About a month ago, I was awakened around 5:30 by barking coughs from my sons' room. The little one (the usual cougher) was sleeping. It was the big one.
"I can't breathe," my eight-year-old rasped between hacks.
I dragged him to the bathroom, propped him up on the toilet lid, and turned on the shower. The steam quickly fogged my glasses and the mirror.
The big one shook his coughing head vehemently. "I don't want a shower!"
"You're not getting a shower," I said, still squinting in the sudden brightness of the over-the-mirror lights. "Just breathe in the steam."

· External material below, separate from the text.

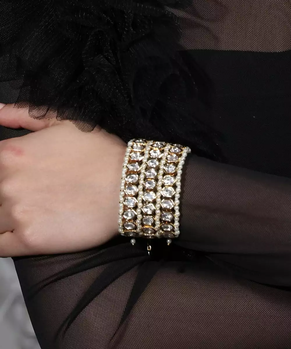 Elevate Your Elegance With Shober's Regal Allure Pearl Mesh Bracelet, Which Is An Intricate Fusion Of Golden Sparkle And Pearl Detailing. Perfect For Festive And Bridal Wear.

He did his best to breathe it in, but his lungs seemed unwilling to open their gates. In spite of the croupy bark of the cough, I started to bet that this was asthma. So, having an albuterol inhaler from his brother and knowing that he'd been treated with albuterol in the past, I gave him two puffs.
Moments after the first puff, his cough became productive. Fifteen minutes after the second puff, and his breathing was near effortless.
But we had a new problem. Albuterol makes a person jittery. It raises their heartrate, increases anxiety, and makes it very hard to sit still. Apply those side effects to a child that's already hyperactive. Can you picture my living room at 6:00 AM? If you're visualizing the walking dead in close quarters with a ping pong ball on crack, you've done a pretty good job.
Two hours later, we were at the doctor's office. The big one was still very hyped up. It was hard to catch what he was saying as he announced to the receptionist as I was signing in, "I'm BJ and I'm home sick today because I can't breathe and Mom says that means no video games and only educational shows like math ones and National Geographic and I hate that breathing medicine and Mom says I don't have to go back to school today even if I can breathe now because she doesn't trust it and do you have a bathroom because I need to use it now and it's really hot in here did you know that?"
They led us back to an exam room quickly, which was good because it was easier to contain the ping pong ball in there, even though it meant that he hit the walls more often. Divested of his winter coat, he was freer to move and was over the chair, under the chair, spinning on the doctor's seat, checking out how the computer cords wound through the garrotte and plugged into the power bar, and hanging off the end of the examination table to study (upside down) how the sanitary paper was wound and attached.
"Where is he?" the nurse asked as she entered the room. I pointed below the table where the big one had locked his body up underneath. He jumped out.
"Gotcha!" he shouted as he danced around her. The nurse tried to face him for a bit, but after rotating a time and a half, she gave up and just turned her head.
After originally doubting my reports, the doctor did confirm it had been asthma, and, somewhat exhausted after our visit, he sent us on our way visibly relieved.
And so began a beautiful day spent with my sick-at-home eight-year-old. We read together (Goldilocks and the Three Dinosaurs and Scene of the Crime), went over math facts (multiplication), and watched those educational shows on TV.
"Do you remember the first time I ever watched Mythbusters?" he whispered in my ear. "It was magical."
And that moment--the one I was spending cuddled with my son, not the first time he watched Mythbusters--was magical. And I enjoyed (almost) every minute of it.
But it also brought something home to me, something that I fight all the time both with myself internally and externally. It is so easy for me to apply descriptors to my son: the big one, asthmatic, hyperactive, ADHD, boy, fantasy-loving. And sometimes the labels seem to take a life of their own, either demanding special treatment or special griping. But in the end, what is most important for me to remember is that these descriptors do not even come close to encapsulating my son. While they help me to deal with aspects of his personality, I don't ever want that ping pong ball on crack to be confined by the walls of the house or the restrictions of a label. And I need to draw back from them as often as I possibly can.
When all is said and done, I am raising my precious one, and that is the only thing that matters.